Château Margaux ne prétend pas faire des vins  »nature » ou  »naturels » et la chaptalisation, si le Château y a bien eu recours quelquefois, est d’ailleurs encore autorisée dans le Bordelais  »lorsque les conditions climatiques [la] rendent nécessaires ». De ce point de vue, c’est un outil œnologique comme un autre.

 

L’ouvrage  »Crus Classés du Médoc » d’Eric Bernardin et Pierre Le Hong montre, littéralement, enquêtes de terrain et iconographies 3D à l’appui, les qualités difficilement discutables de vingt grands châteaux du Médoc, du sol jusqu’aux hommes qui les dirigent.

 

 

Terroir-caisse ?

 

En définitive, tous ces classements sont d’abord fondés sur le terroir. Pause. Terroir, le mot qui boum badaboum. Le mot obscur comme une crypte.

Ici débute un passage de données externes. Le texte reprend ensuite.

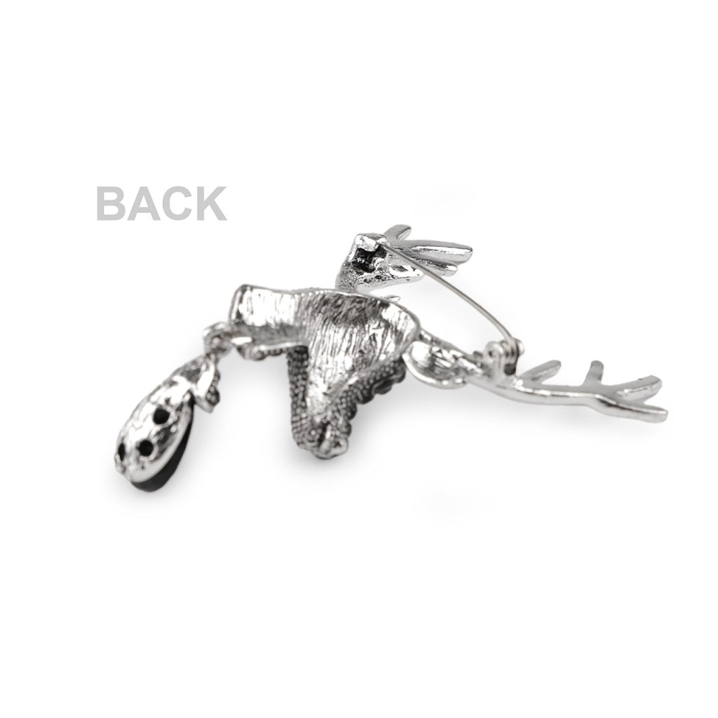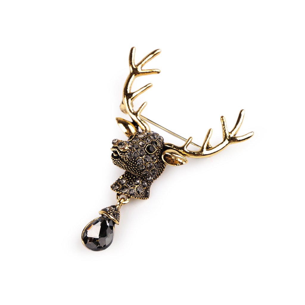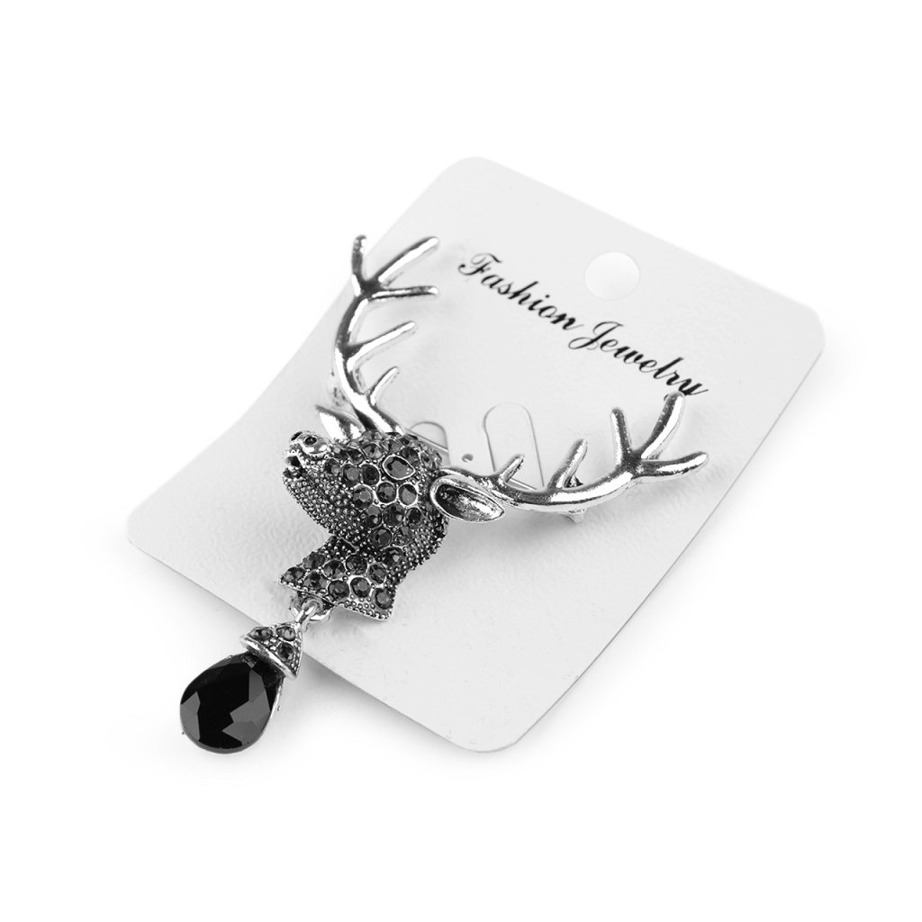 Eine elegante Brosche mit einem Hirschkopf und einem geschliffenen Stein fällt auf den ersten Blick ins Auge. Sie ist mit geschliffenen Steinen besetzt und glänzt attraktiv. Sie schmücken perfekt Jacken, Pullover, Handtaschen oder Hüte. Sie eignet sich auch zum dekorativen Befestigen eines Schals. Die Brosche besitzt auf der Rückseite eine Broschennadel. Sie befindet sich auf einer Plastikkarte, welche zum Aufhängen an den Verkaufsständern dient.

Forcément, il faut être géologue ou spécialiste pour pouvoir affirmer que tel cru classé vaut bien son classement car son terroir a 90-60-90 de mensurations… Ce que l’immense majorité des amateurs, consommateurs et commentateurs, ne sont pas. Ils sont donc censés faire confiance aux classements, qui, on l’a vu, sont parfois franchement sujets à caution.

 

D’ailleurs, un géologue, Claude Bourguignon, a expliqué que 30% des meilleurs terroirs n’étaient pas encore exploités. Roger Dion, quant à lui, a défendu la théorie selon laquelle les terroirs de qualité ont notamment été désignés comme tels parce qu’ils étaient, à l’origine, bien exploitables commercialement parlant (proches de cours d’eau, d’agglomérations, etc.). Qu’il s’agit donc d’un  »fait social et non géologique ». Encore une couche ? On peut se reposer sur un beau terroir et faire des vins médiocres : les bouteilles ne naissent pas encore dans le sol, l’homme a son mot à dire.

 

Ces éléments laissent à penser que toute forme de classement qualitatif a priori, est plus ou moins à côté de la plaque. Et qu’il vaudrait mieux se contenter de mettre en place un excellent système d’appellations, strictement géographique et technique, et bannir toute forme d’a priori qualitatif, toute forme de classement – illégitime dès lors que de trop nombreux paramètres entrent en ligne de compte pour assurer l’amateur de le retrouver dans la bouteille.